Not fireproof, but good ol asphalt tape, used to insulate aluminum AC lines. is a good buffer between the tabs to hold down fuel lines to the floor. Super sticky, and a good vibration isolator that will not react with aluminum. See your NAPA dealer...

HTH...Chris
 
This brings back memories...

I bought an Andair fuel valve at SnF a couple years ago and thought it would take me a couple hours to put it in my RV-8. The airplane had the Van's stock valve in it but I just really liked the look of the Andair valve. The real number turned out to be closer to two full weekends.

As others have noted, there is not a lot of working room around the bottom of the valve.

The other problem is that the soft aluminum fuel line that Van's supplies for this connection is very easy to accidentally crimp (and ruin). The valve has three inputs (one in from each tank and the output). I would very carefully consider how you will route the tubing then buy the appropriate A/N fitting from a place like JEGS speedshop. I think it is better to use a 45 or 90 degree fittings than to try to bend the tubing to a small radius.

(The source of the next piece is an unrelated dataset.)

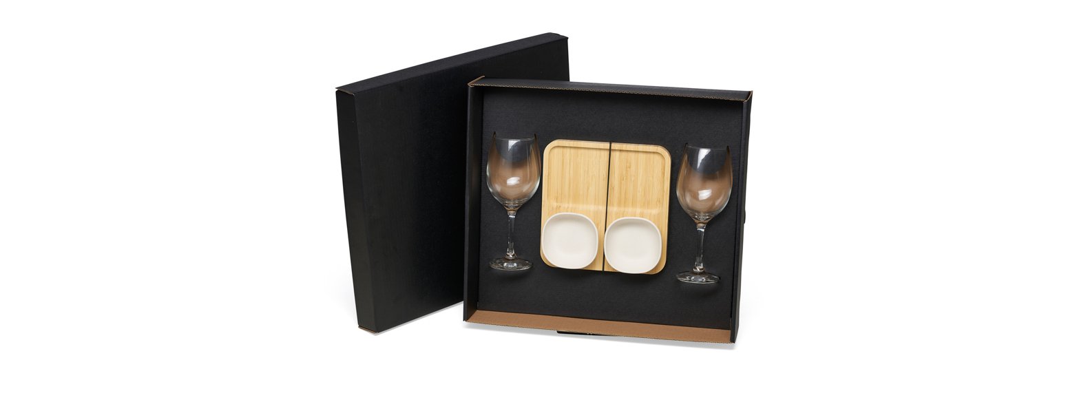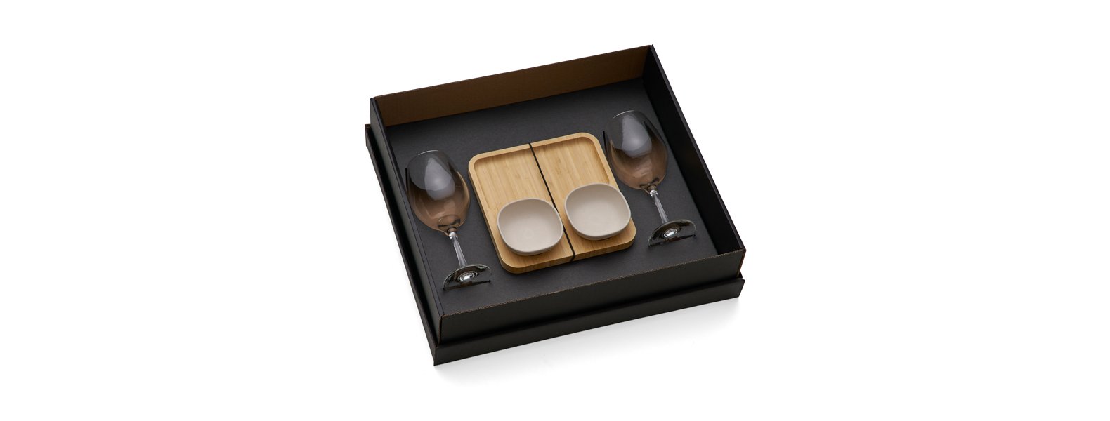 Conta com petisqueira com 2 potes em bambu; duas taças em vidro.

After destroying the tubing once I ended up using stainless steel braided hose (also from JEGS) which was much easier to work with. It was fairly expensive compared to the soft aluminum.

If you think about it, this is on the inlet side of the fuel pump(s) so the fuel is really not under pressure at all so you could use just about anything for this application.

When you are done with the plumbing part you get to the other fun part -- mounting the valve and making it look pretty. A lot more work than you might think.

One warning: take a moment to ensure you don't plumb the valve backward (left wing tank to right inlet and vice versa). It is apparently easy to do (from postings on the subject from some time ago). It will still work of course but it will be mighty confusing for the pilot.
 
Tube vs Hose

Bruce,

Your post kept troubling me and I finally figured out why.

Braided hose is usually used where internal pressure is greater than external pressure. The braiding does a really good job keeping the hose under control and protected with high internal pressure.

Unfortunately, the fuel lines from the tanks to the valve and on to the pump are all on the suction side of the pump and will have pressure below atmospheric. If a hose breaks down it could colapse and restrict the flow of fuel. The braiding is not so good at keeping a hose open with higher pressure on the outside.

Pumps of any kind generally use tubing or pipe on the suction lines. The soft aluminum tubing is probably a better choice on suction lines. I know it can still be crimped and shut off flow but you can feel it and see it and usually tell when you've messed up a piece. Once it's in place without crimps or obstructions it is usually good for a long long time. You cannot always see or feel crimps in a hose, and hoses do degrade. Also, a hose under pressure tends to straighten out and "unkink" but under suction it will just close up the kink more, further restricting flow.

John
 
Bruce,

Your post kept troubling me and I finally figured out why.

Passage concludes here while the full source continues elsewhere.